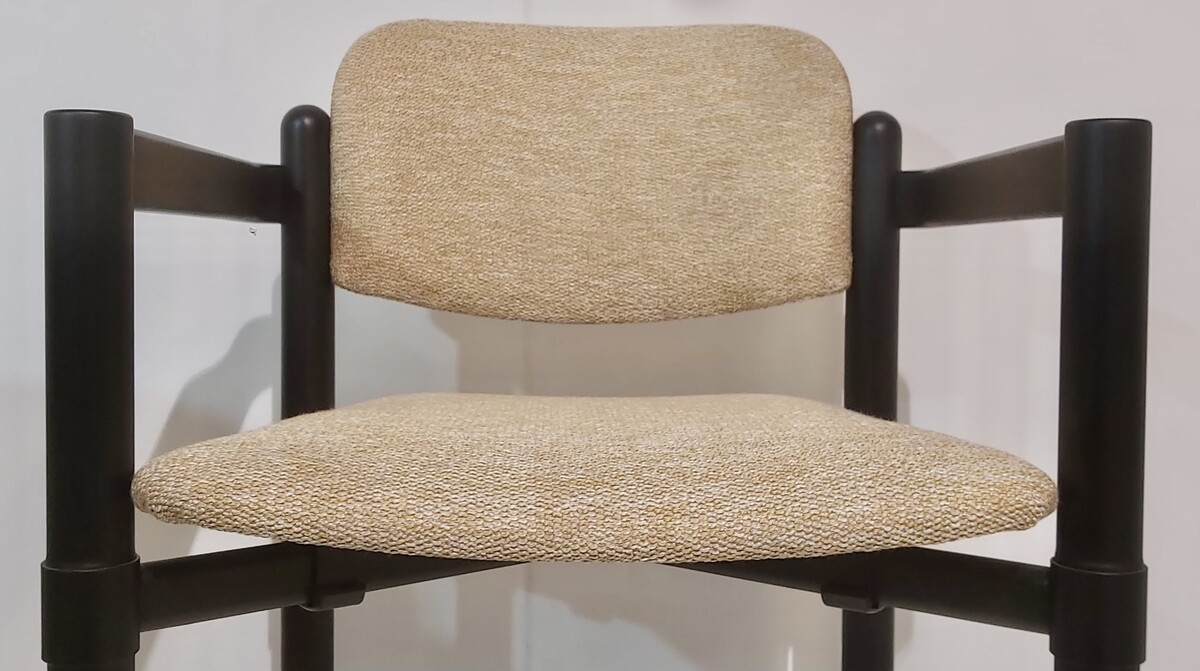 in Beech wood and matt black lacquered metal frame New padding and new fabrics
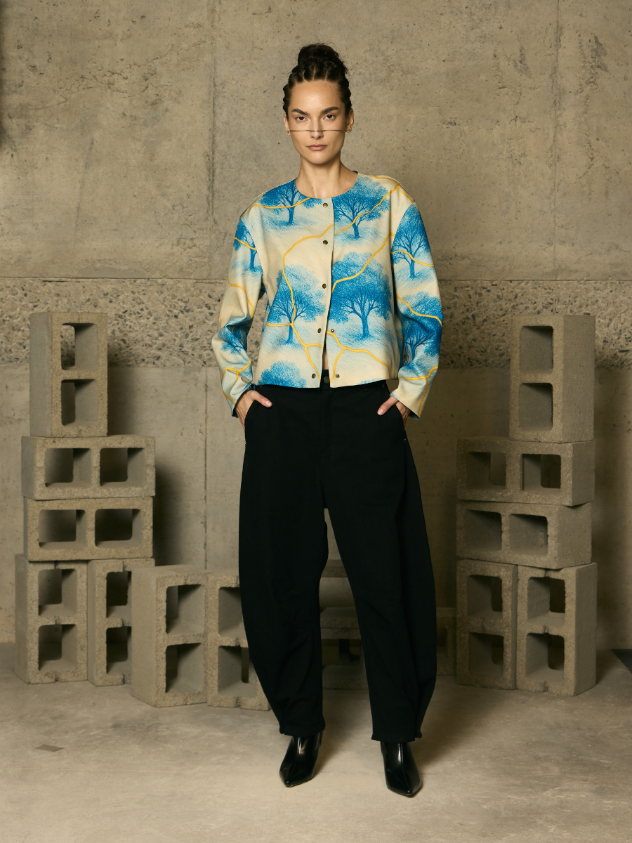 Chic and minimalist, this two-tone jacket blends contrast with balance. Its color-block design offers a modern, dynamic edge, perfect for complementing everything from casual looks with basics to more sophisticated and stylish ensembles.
:::::
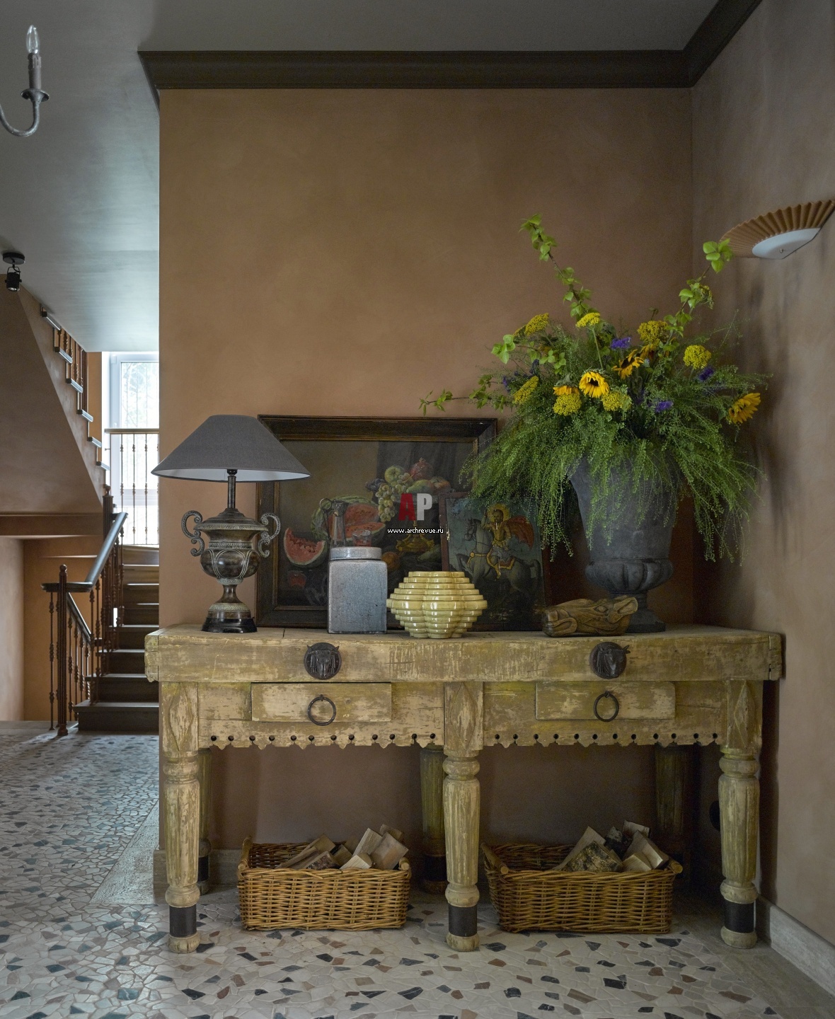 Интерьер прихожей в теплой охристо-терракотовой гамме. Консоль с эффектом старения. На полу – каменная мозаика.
:::::
#### Work instructions
Starting with the line that contains "in Beech wood" and finishing with the line that contains "Chic and minimalist, this", reproduce every line of the material above exactly, but not the pictures.

#### Result of the task
 in Beech wood and matt black lacquered metal frame New padding and new fabrics
 Chic and minimalist, this two-tone jacket blends contrast with balance. Its color-block design offers a modern, dynamic edge, perfect for complementing everything from casual looks with basics to more sophisticated and stylish ensembles.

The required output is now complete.